A referida Medida Provisória de nº 1147/2022 legislava sobre os benefícios do Perse (Programa Emergencial de Retomada do Setor de Eventos), já a MP e nº 1.159/23 tratava da determinação de exclusão do ICMS da base de cálculo do crédito de PIS/Cofins no sistema não cumulativo. Na abordagem deste último tema, apontamos um grave imbróglio constitucional que será desencadeado por esta lei, criada para dirimir impactos de outro problema, que durou anos para ser resolvido pela Corte Suprema.

Sabe-se que em 2021 o STF colocou fim a chamada “Tese do Século” ao julgar o RE 574.706 (Tema 69), onde se consolidou a inconstitucionalidade da inclusão do ICMS na Base de Cálculo do PIS e da Cofins, fundado no sábio raciocínio de que o ICMS não se confunde com receita ou faturamento da empresa, posto que o ICMS representa uma receita transitória nos cofres das empresas que, ao final, repassam estes valores para o estado arrecadador.

Em sendo assim, sob a justificativa que em caso de não adequação do tratamento do ICMS na base de crédito do PIS/Cofins, as perdas de arrecadação para o Tesouro poderiam ultrapassar os R$ 60 bilhões em 2025, foi publicada a MP 1.159/23, agora convalidada na Lei 14.592/23.

Vale lembrar que a Receita Federal, publicou em 2021 o Parecer Cosit 10 tentando justificar a necessidade de exclusão do ICMS do crédito de PIS e Cofins por “decorrência lógica” do julgamento do Tema 69. Parecer, este, contestado pela PGFN no Parecer SEI 14.483/2021/ME, que afirmou que dependeria de regulamentação legal a previsão da exclusão do ICMS da Base de Cálculo do crédito do pis e da Cofins. Em que pese a previsão agora estar contida na Lei, o texto legal carrega em si vieses inconstitucionais, passíveis de serem questionados judicialmente pelo contribuinte.

O que o Governo Federal busca, desde o fim do julgamento, é um paralelismo entre a exclusão do ICMS da Base de Cálculo das Contribuições (PIS/Cofins) – Tema 69 citado acima – e a exclusão do ICMS da base de cálculo do cálculo dos créditos do PIS e da Cofins no sistema não cumulativos. Ressalta-se, neste ponto a Lei carrega em si um grave problema constitucional, passível de ser questionado judicialmente.

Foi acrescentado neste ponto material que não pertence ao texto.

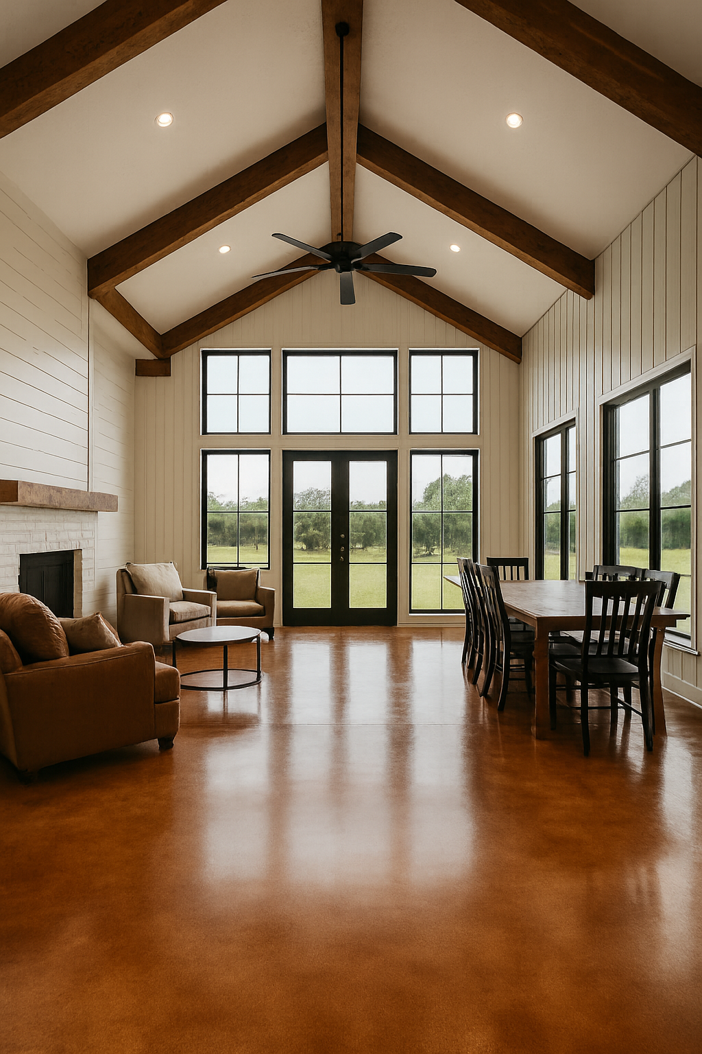 Many homeowners first consider flooring like luxury vinyl plank (LVP), tile, or hardwood. While those materials can look nice, they don’t match concrete’s ability to handle heavy traffic, pets, spills, and workshop use all while staying low-maintenance and cost-effective. Choosing to keep and finish your slab gives you a floor that is beautiful, long-lasting, and designed to complement the lifestyle of a barndominium.
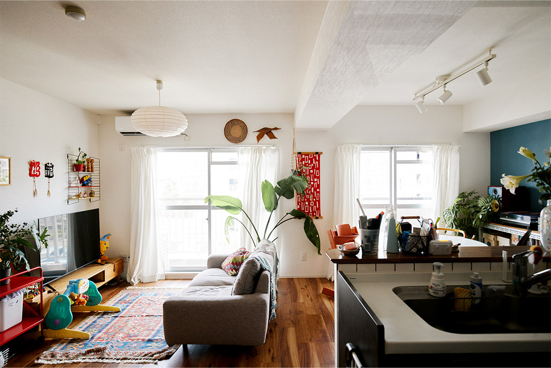ラグやディスプレイの色使いが明るい印象のリビングスペース。〈unico〉のソファと〈イサム・ノグチ〉AKARIシリーズのペンダントライトがリラックスムードを演出。「もともとポップなものが多かったので、子どもが生まれたことによって逆に自然になった印象があります」(ユウヤさん)

Explica-se, o ICMS apenas circula sobre o caixa da empresa, não integralizando a sua receita bruta, grandeza escolhida como base de cálculo para estas contribuições, sendo o contribuinte, neste caso, mero agente arrecadador do tributo indireto estadual.

Já para a apuração dos créditos das contribuições – denominado de “sistema base contra base” – foi eleito o valor de aquisição dos bens e mercadorias como base (3º, §1º das Leis 10.637/2002 e 10.833/2003), o que, jurídica e economicamente, inclui o valor do ICMS, inclusive foi o que o STF decidiu ao julgar o tema 214: “A base de cálculo do ICMS, definida como o valor da operação da circulação de mercadorias (art. 155, II, da CF/1988, c/c arts. 2º, I, e 8º, I, da LC 87/1996), inclui o próprio montante do ICMS incidente, pois ele faz parte da importância paga pelo comprador e recebida pelo vendedor na operação”.

Conclui-se que a ânsia arrecadatória do Governo acrescida da não aceitabilidade da derrota nos autos do RE 574.706/PR mais uma vez o levou a publicar uma norma que fere a segurança jurídica, além de confusa e inconstitucional, prejudicando ainda mais o contribuinte brasileiro e faz surgir mais um questionamento judicial que provavelmente levará décadas para ser finalizado, tal qual o Tema 69.

*Isabela Scelzi Amaral é advogada tributarista.